That said, I do think that it’s important for couples to be open and honest about their sexual needs, wants and satisfaction. I personally don’t find this post off-putting, but some people might–I think it’s good you put a warning at the very top–VERY GOOD!
I admire the fact that you watch instructional DVD’s, I think that’s a great idea–we all could use a little brush up on ours skills–sexual or otherwise. I agree with you about the bodily fluid thing, it’s funny that the older we get, the more we’re taught that certain things are “gross,” or “not lady-like.” Personally, I think whatever floats someone’s boat is what is good for them. And you’re right in that not every technique works for everyone–every one is different; that’s for sure. What works for one will not work for another.
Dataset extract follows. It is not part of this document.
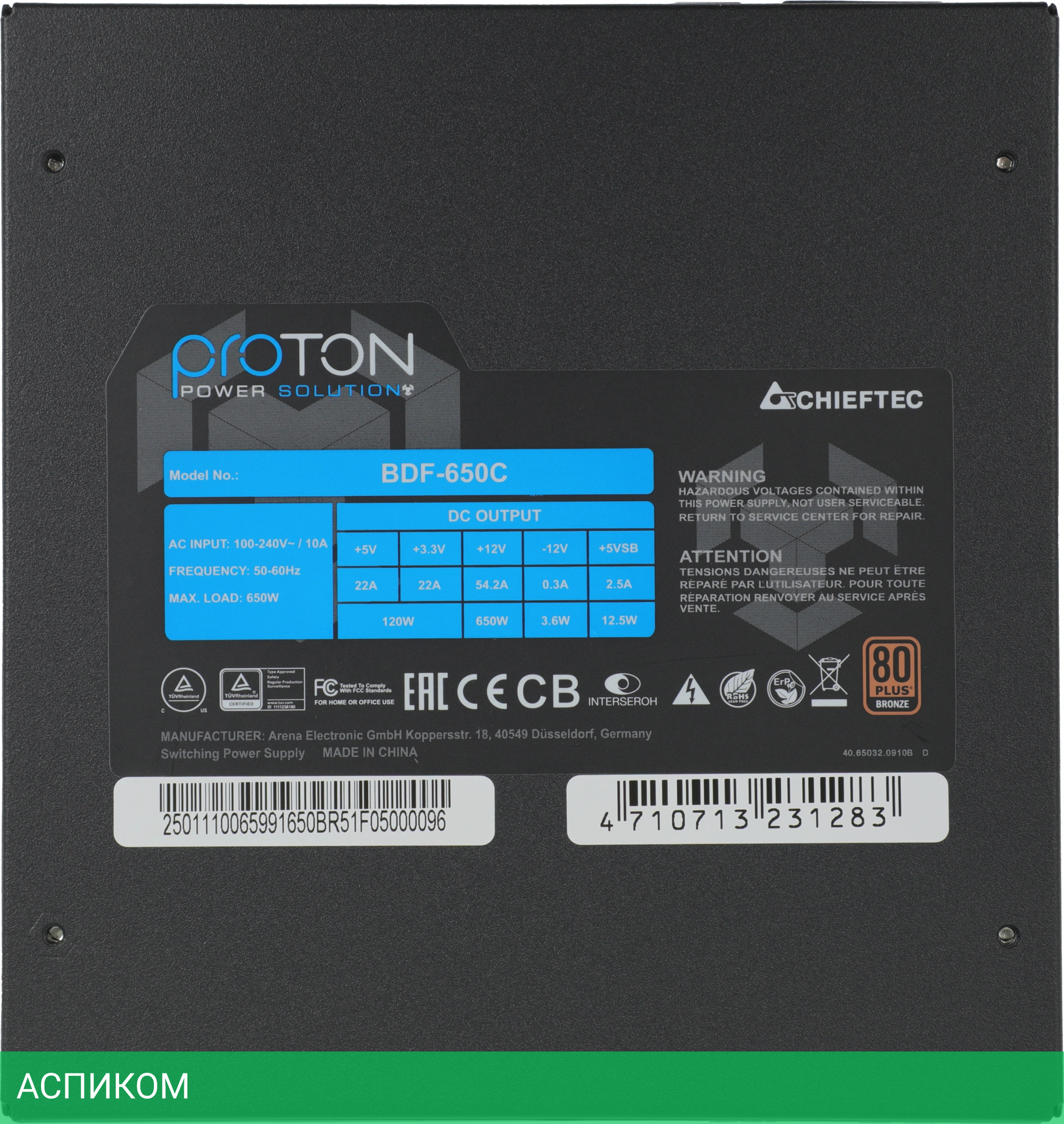геймерский / 650.0 / черный / ATX / ATX12V 2.3 / да / с активным PFC / 85.0 / 140 / бронзовый

As for your whole “Project Happily Ever After,” theme; I absolutely believe that good blow jobs, good cunninglings–how about a post on that? Even though you’re a woman and probably can’t instruct on how to do that, you know, a lot of men are clueless about that, and most women I know have more orgasms from that than intercourse. I don’t know how you’d write that post, but I think it’s equally important. Anyway, great sex of any kind plays a major role in whether or not a couple has their own Happily Ever After.
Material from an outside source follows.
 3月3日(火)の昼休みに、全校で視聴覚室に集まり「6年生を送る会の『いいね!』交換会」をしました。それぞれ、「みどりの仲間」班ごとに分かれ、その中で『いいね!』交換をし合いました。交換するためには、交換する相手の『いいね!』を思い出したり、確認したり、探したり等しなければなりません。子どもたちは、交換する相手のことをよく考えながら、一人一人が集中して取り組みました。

I think the breakdown of the sex life between a couple leads to the breakdown of so much else; as well as the other way around. I once heard somewhere that what is, or what isn’t, happening in the bedroom between a couple is directly related to what is, or isn’t, happening in the entire relationship. The sex life is reflective of the relationship itself, I hope that makes sense. I kind of believe that to be true. I’m not saying that if a couple isn’t having sex that they don’t love or respect one another–I’m just saying that in some cases, the lack of sexual activity is because of other underlying relationship issues (once you get past the exhaustion, medication side effects and physical stuff, of course). There are a ton of things that can get in the way of the desire to have sex, and especially get in the way of giving one another oral sex; it’s a trust issue and even a “manners” issue for some (more so women than men, but I digress.)
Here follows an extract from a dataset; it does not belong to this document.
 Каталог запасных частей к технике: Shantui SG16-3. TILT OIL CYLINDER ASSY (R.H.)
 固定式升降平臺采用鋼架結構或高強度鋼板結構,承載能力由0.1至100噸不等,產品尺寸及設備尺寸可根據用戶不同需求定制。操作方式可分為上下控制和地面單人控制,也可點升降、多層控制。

But still, I’ve always believed that sex is vital to the overall happiness rating of a marriage–and quality sex is more important, in my opinion, than quantity. I learned that lesson the hard way–no punn intended! LOL! The truth is, as I said before, sex is a major player in the Happily Ever After or not.
And I think if people get past the initial POSSIBLE (I wasn’t) discomfort with this post, they could learn a lot!
Thank you so much for sharing this, being blatantly honest and hey, cheering us all on–in a matter of speaking! LOL! Have a great day, and here’s to great sex for everyone!
Blissful Blessings,
-Sarah Liz
P.S. I’m REALLY hoping that mother-in-law or ANY of my husband’s family does NOT run across my response…talk about it being difficult to look someone in the eye? LOL! Yeah, no suggestions on that one—I just remember that “hey, we ARE married, and married people (are supposed to) have sex. So, you know, they all did it too, or else we wouldn’t be here!” That helps a little. Goodluck! And once again, you’re very brave!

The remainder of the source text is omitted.